Saturday, October 16, 2021

Understanding participation in movement building

This is a graphic I've used since 1990s to show how I and everyone else can help draw people to the information available in web libraries, or in face-to-face conferences, that focus on helping youth in high poverty areas move through school and into adult lives with jobs that enable them to raise their own kids free from poverty.

I do this almost every day, using social media, my blogs, my websites and email newsletter. In the 1990s I also had a printed newsletter and a PR firm helping generate media stories.

Yet, the big questions always have been a) who is attending?; b) what networks are they part of? and c) what geography do they represent?.  

I've posted many articles about network building and network analysis on this blog.  Please review some to understand how I've struggled with this for so many years.
In some of these I've pointed to NodeXL, which is a tool that can be used to understand who's participating in a Twitter or Facebook conversation that takes place within a defined period of time. 

Today I saw the Tweet below.
What's exciting about this is that it looks like NodeXL has added a spatial analysis feature to their tool. Thus, you can not only create the traditional network analysis map showing who's connected to who in a conversation, now you can create geographic maps showing where participants come from. 

I've connected with Dr.
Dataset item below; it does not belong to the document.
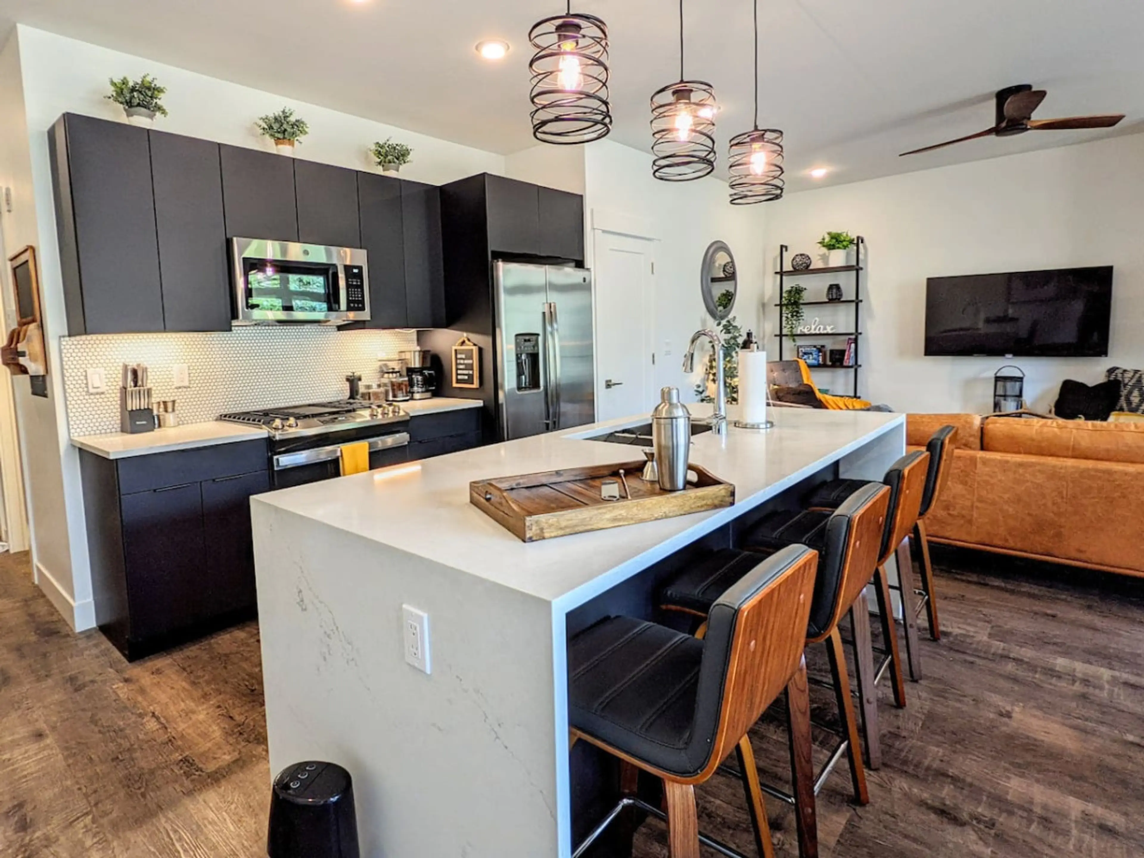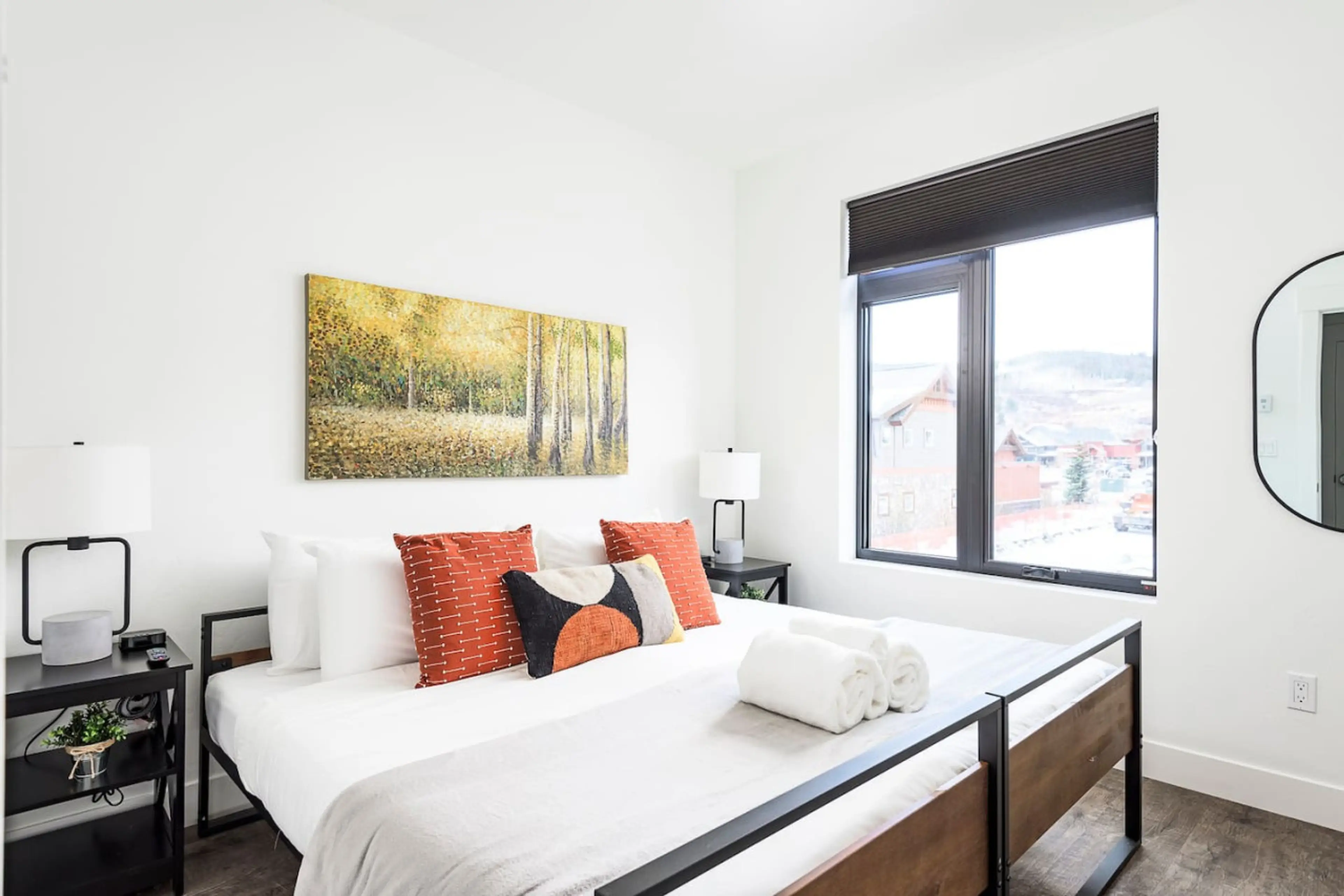Perched directly on the Blue River, our 2021-built condo features everything you'll need for your mountain getaway! Sit on our private deck with 180 degree river and mountain views, or kick your feet up on the couch and relax in front of the fireplace. Enjoy preparing a meal in our well stocked kitc...

Graham MacKenzie in the past and feel he's doing some of the best work in showing an analysis of the NodeXL maps, helping me and others make sense of what the maps are showing.  Today  he shared with me this link, which points to a collection of articles that he has written.

I have been reaching out to universities for many years with the goal of creating a Tutor/Mentor Connection research/action program on various campuses where students would do everything I have been trying to do, to support the growth of mentor-rich youth programs in the area surrounding each campus.  While I've had help from many interns I've never been able to form a long-term partnership.

Here's another graphic I've used often. It shows that teams of people with a wide range of talents and networks are needed at the program level, neighborhood level and city, state and federal level, to build and sustain mentor rich programs in all the places where they are needed.

These teams need to be involved in an on-going planning/action cycle that builds public will and the flow of resources needed to power all of the youth and family serving organizations that are needed.  

Learning to use NodeXL and other network analysis tools to understand how well leaders are able to attract needed talent, and keep people involved and the network growing over many years, would be a valuable skill.  It's one that students working in a university T/MC could be learning.